Among the many things I loved about the ebullient, astute, eagle-eyed Jim O’Quinn was this: He knew that theatre existed, and in many cases thrived, far from New York Cit, or and even the Northeast corridor.
Yes, there is obvious synergy among New York and places like Seattle and San Francisco (the cities and theatre hubs where I’ve practiced cultural journalism), as well as Chicago and Houston, Milwaukee and Portland, Los Angeles and New Orleans; plays and assorted artists zigzag back and forth between coasts, and around the Midwest, the South, and wide swatches of “flyover” country. And to be sure, the imprimatur of a Broadway or Off-Broadway box office hit, a New York Times rave and/or a Tony or Pulitzer, still makes it all but certain that a play will be performed across the country eventually.
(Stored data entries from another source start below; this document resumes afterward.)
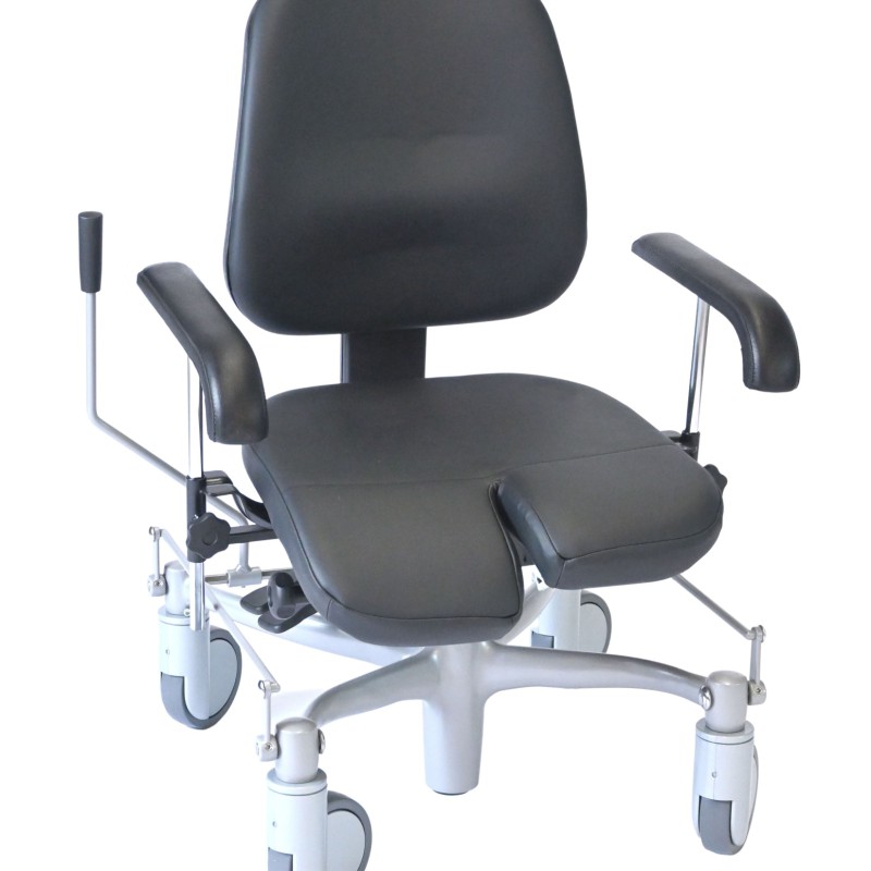 Das Besondere an diesem Stuhl ist der dreigeteilte Sitz: Die beiden vorderen Sitzhälften sind stufenlos und unabhängig voneinander neigbar und feststellbar. Der hintere Teil lässt sich ebenfalls stufenlos neigen. Auch der ergonomisch geformte Rücken ist neigbar und kann in der Höhe angepasst werden.Sicheres Hinsetzen und Aufstehen
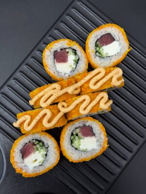 Нори, рис, творожный сыр, тунец, огурец, соус “Масаго”, темпура
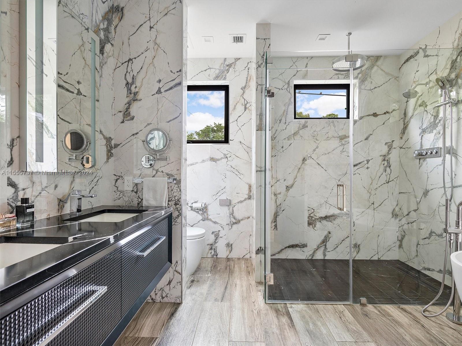 A newly built extraordinary Miami Shores listing east of Biscayne Blvd sits on an expansive 18k sq ft triple lot. The modern marvel showcases a Tesla roof with 72 hours of electrical energy, a surround system, an outdoor kitchen, a heated salt system pool w/marble deck, an outdoor shower, two AC units, and a water filter. It also has a two-car garage, carport, basketball court, and alarm system with cameras. Discover this magnificent home w/ 5 bedrooms adorned w/motorized blinds, an additional den/office &/or gym, and 5 bathrooms with upscale Koehler finishes. The chef's kitchen boasts Sub-zero and Wolf appliances. This epitomizes elegance and functionality for the discerning homeowner in a newly constructed haven.

But as editor of American Theatre magazine for three decades, Jim understood that his mission—also the mission of Theatre Communications Group, which publishes the magazine—was to see beyond the obvious. He and they knew that as important as New York City is to the creation, exposure, and status of theatrical works and artists, there have rich and important things happening on stages all over this big, scratchy patchwork quilt of a nation for a long, long while. Those who understood that and, like Jim, were in a position to call attention to and champion a national theatre scene, helped make it possible for millions of theatregoers and waves of artists to be part of it.
Jim of course cultivated and mentored a crew of terrific New York writers to cover what was percolating in Manhattan and Brooklyn, what theatres and doers were up to, which all of us readers should know about. But he also made it possible for writers like me and so many others to alert him to playwrights and companies who deserved national attention despite their lack of proximity to a major media center or a phalanx of commercial producers. Just as Joe Papp forged a different kind of non-commercial theatrical model at the Public Theater, folks in many regions of the U.S. were establishing a countrywide network of nonprofit theatre scenes—ones that, at their best, reflect the multiplicity and diversity of life and creative expression that remains one of the best attributes of the American experiment (even as it lives under threat).
In my own case, Jim was always open to hearing about what was exciting me as a critic in San Francisco (for the San Francisco Bay Guardian) and Seattle (for the Seattle Times). Well before they made a New York splash, I was able to pique Jim’s interest in the Asian American theatre’s flowering, in works by West Coast writers like David Henry Hwang and Philip Kan Gotanda. In Stephen Wadsworth’s refreshed, relevant, and newly translated renditions of plays by Marivaux. In Yussef El Guindi’s sharply ruminative dramas about Middle Eastern Americans. In women directors in the 1990s at last breaking the glass ceiling to become artistic honchos of major regional companies, and the San Francisco Mime Troupe and Bill T. Jones revisiting and interrogating a troubling touchstone of 19th-century American drama, Uncle Tom’s Cabin.
I can’t think of another editor of a national periodical who would have given me such a wide berth to explore such things more than 20 years ago, and who did the same for writers based in other cities thousands of miles from Times Square. This was of course not just Jim’s credo, but also that of Terry Nemeth, Betty Osborn, and James Leverett (publisher of many important plays in the magazine, and in TCG anthologies), and of course Lindy Zesch and Peter Zeisler, who for decades ran TCG and hatched the programs and services that continue to link and benefit disparate artists and theatres.
They fervently believed in the concept of a unique, and uniquely diverse American theatre: constantly evolving, and constantly in need of support and encouragement and exposure, as well as critique. Despite all of its challenges, past and present, such a thing still persists and matters today. And Jim O’Quinn should be remembered as one of the dynamic cultural patriots who made it happen.
Seattle-based critic Misha Berson (she/her) is a frequent contributor to this magazine.